Updated: Oct 19, 2020
Testimony: Anonymous -LP
I really enjoyed my time here with you guys and I must say the first 2-3 days I was here I never felt like I was home, I felt like I was in prison but as the days went by I felt at home, enjoyed the warm welcome from staff and peers. For once I felt like not leaving because when I came here I felt like leaving the first week I was here. When they told me the good and bad news I took it well but I must say there isn’t bad news at all it is supposed to be the good & the great news not bad because I really have a great family here and I will surely miss it and especially Daniele. He’s been a great sponsor to me.
I enjoyed the individual counselling because you get to learn a lot about yourself and I loved being open and honest with Daniele, He makes you feel free and doesn’t judge and helps me a lot if I was going through rough emotions.
Group counselling was also good because you could learn a few things about someone else and I would enjoy them because you/I also learnt a lot from it and gained knowledge from group peers.
Step Work Counselling
Step work helped me know I am an addict and I need help because I wouldn’t have done it alone and also made me reflect on my past and helped me to move on and better my future and not looking back at my past.
This is a good place it doesn’t really feel like rehab but then the duties we have to do was so tiring and the goodwill felt like labour haha but either way this is a very good place.
I enjoyed most of my meals especially my lunch and supper, breakfast I didn’t eat that much because I hated that food only ate corn flakes.

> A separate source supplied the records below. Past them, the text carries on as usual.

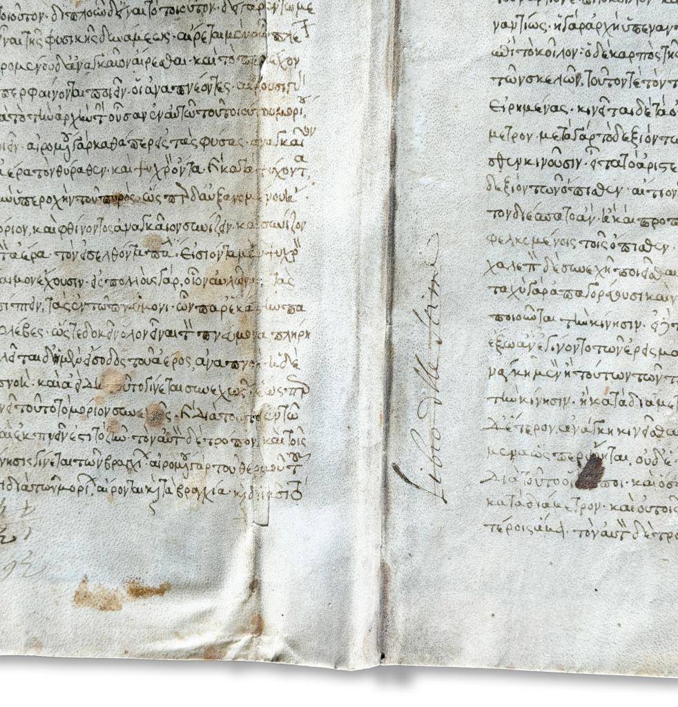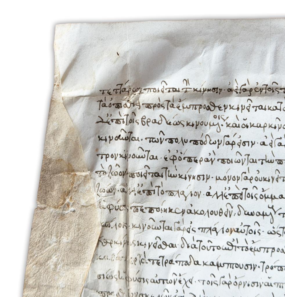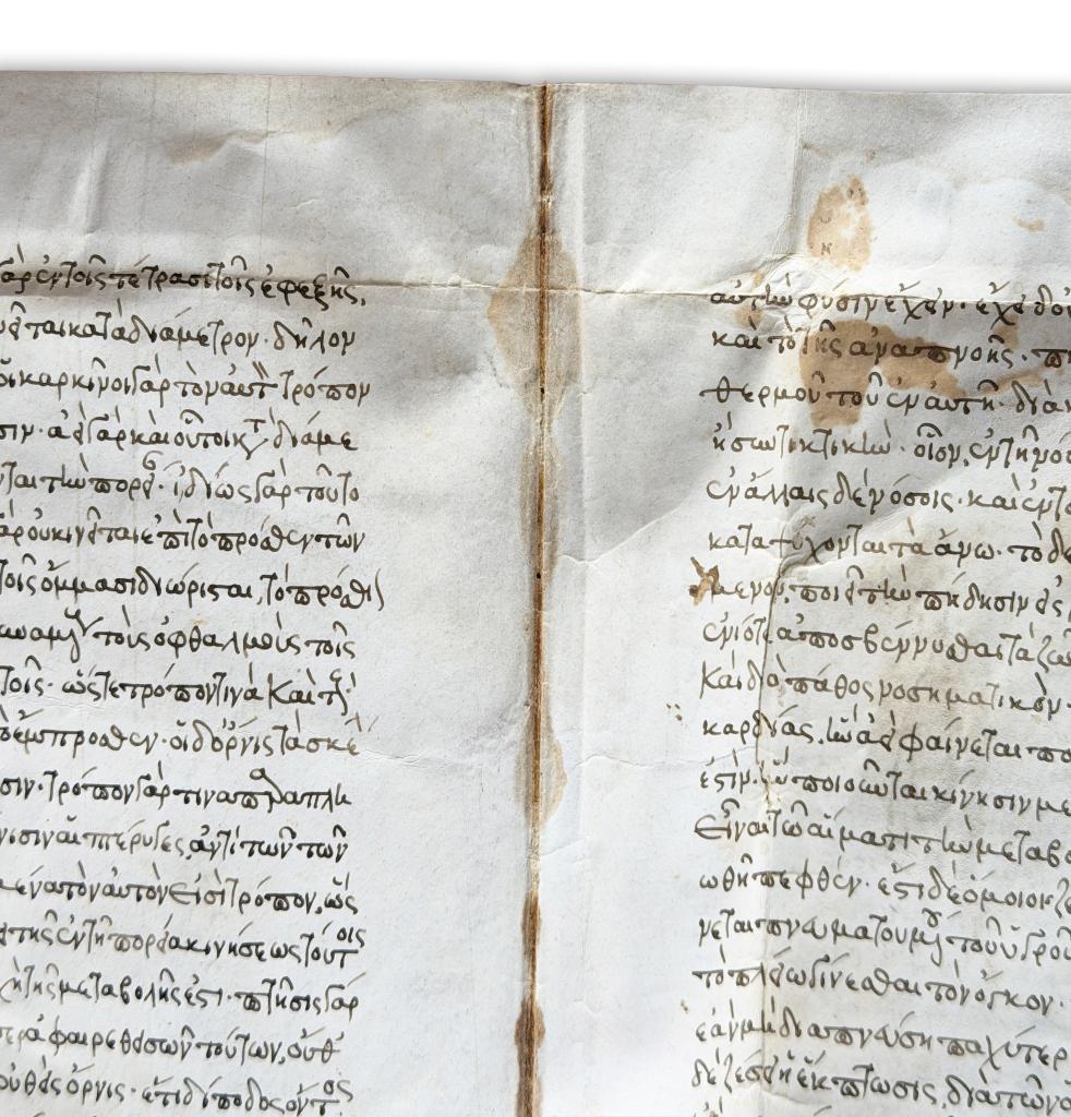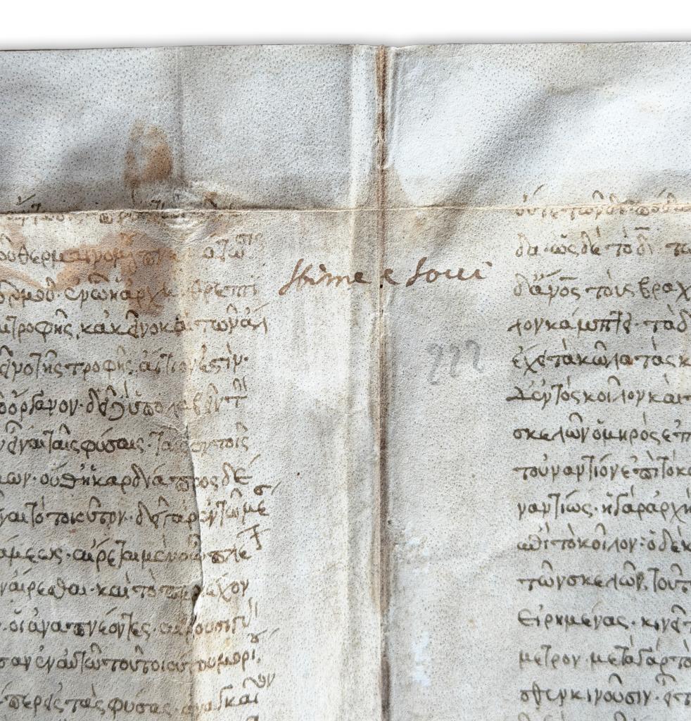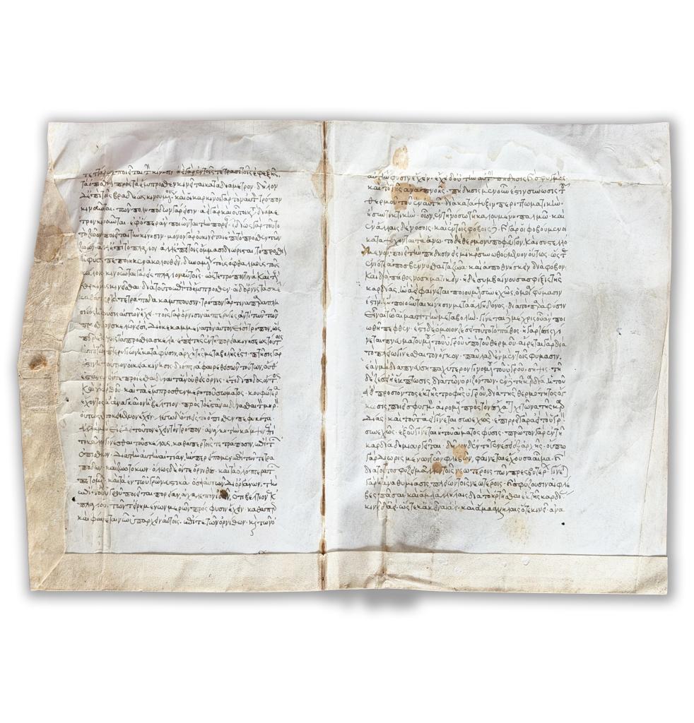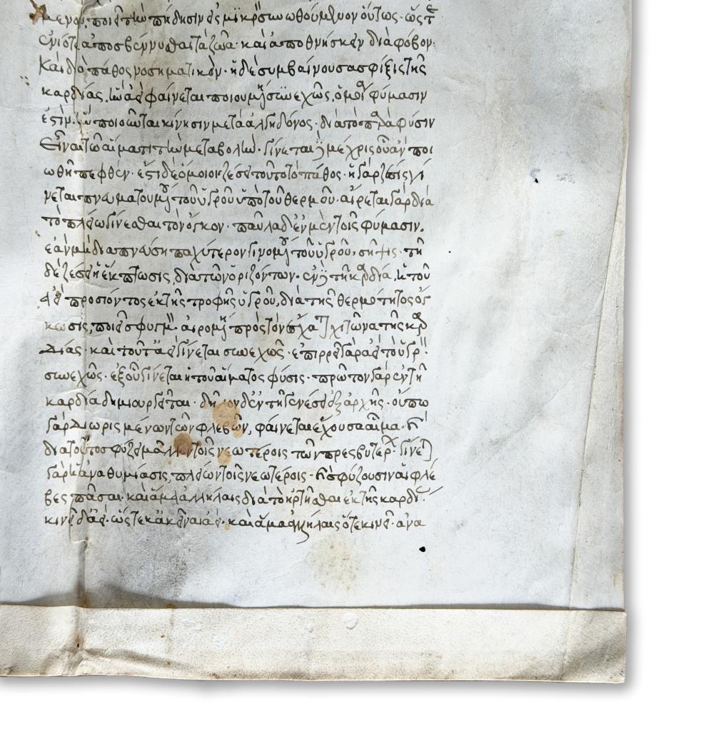 Rarissimo manoscritto medievale in pergamena del XIII secolo, redatto in lingua greca, contenente un significativo trattato di medicina antica incentrato sulla concezione cardiocentrica dell’organismo. Il codice, di straordinario interesse per la storia della medicina medievale e per gli studi di ambito bizantino, espone una dottrina fisiologica in cui il cuore è definito principio vitale e radice di ogni funzione corporea.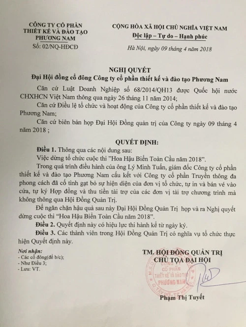 Theo bà Tuyết và thông tin từ cuộc họp cổ đông Công ty Phương Nam ngày 9-4, có người đã mạo danh Công ty Phương Nam tổ chức cuộc thi “Hoa hậu Biển Việt Nam toàn cầu 2018” với nhiều điều không minh bạch, vi phạm pháp luật nên Công ty Phương Nam yêu cầu dừng cuộc thi, hủy giấy phép để ngăn chặn những hậu quả về sau.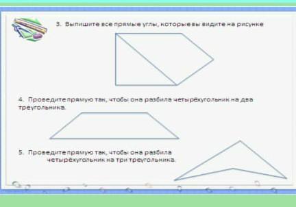1 рисунок. выпишите все прямые углы которое видите на рисунке. 2 рисунок. Проведите прямую так чтобы она разбила четырехугольник на два треугольника. 3 рисунок.проведите прямую так чтобы она разбила четырёхугольник на три треугольника.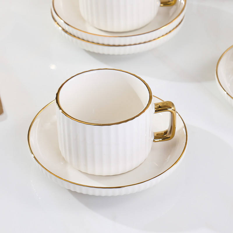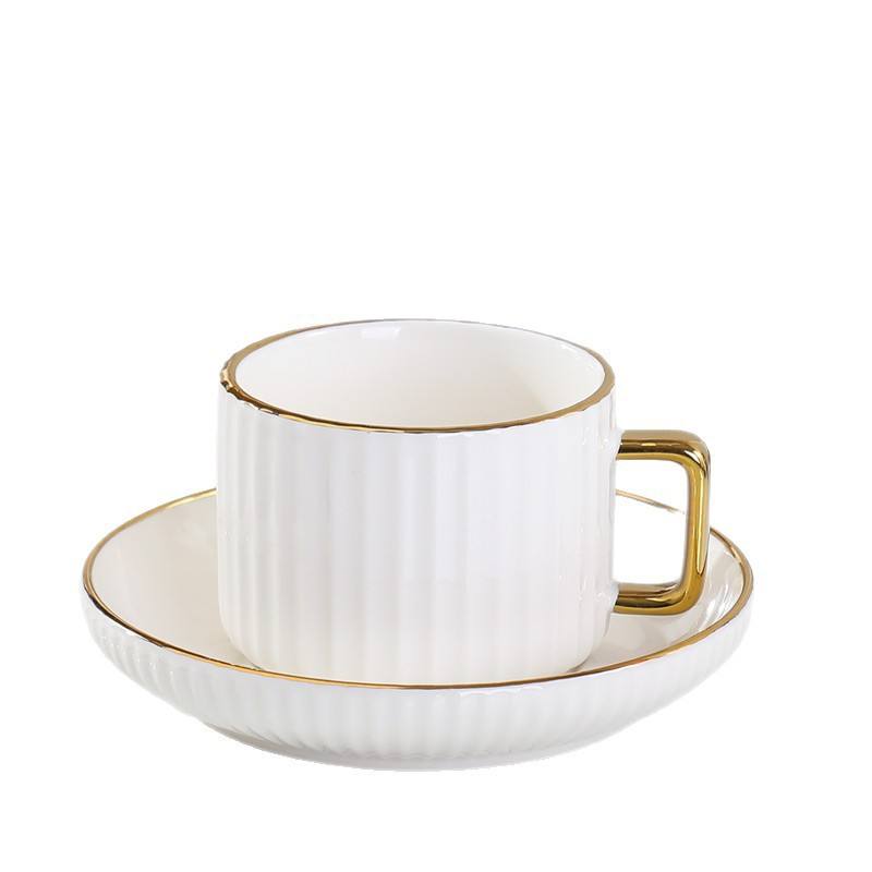 Dujin Ceramic Coffee Mug With Saucer Gold Plated Standard Capacity Solid Color Set For Afternoon Tea Presents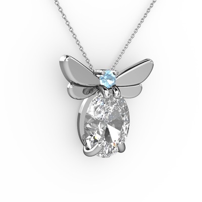 Swarovski ve akuamarin 18 ayar beyaz altın kolye (40 cm beyaz altın rolo zincir)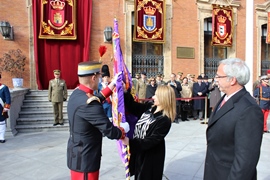 El Relevo estuvo presidido por el Excmo. Sr. General de División D. Enrique Vidal de Loño, Director del Instituto de Historia y Cultura Militar. Hizo entrega de la reproducción de la Bandera Coronela el Presidente de la Asociación Retógenes “Amigos de la Historia Militar” D. Eduardo Robles Esteban, actuando como madrina de tan relevante acto Dña. Carolina Dolado Esteban.

The meetings I have had here are very good. I gained a lot from them and learned a lot too about a thing or two about the experiences others have shared.
I really love this place. I can call it home because I felt a lot safer in here and being away from the outside world was such a nice experience and forgetting a bit about your phone and social media. I am proud to this was my very first rehab and the last rehab I will ever go to.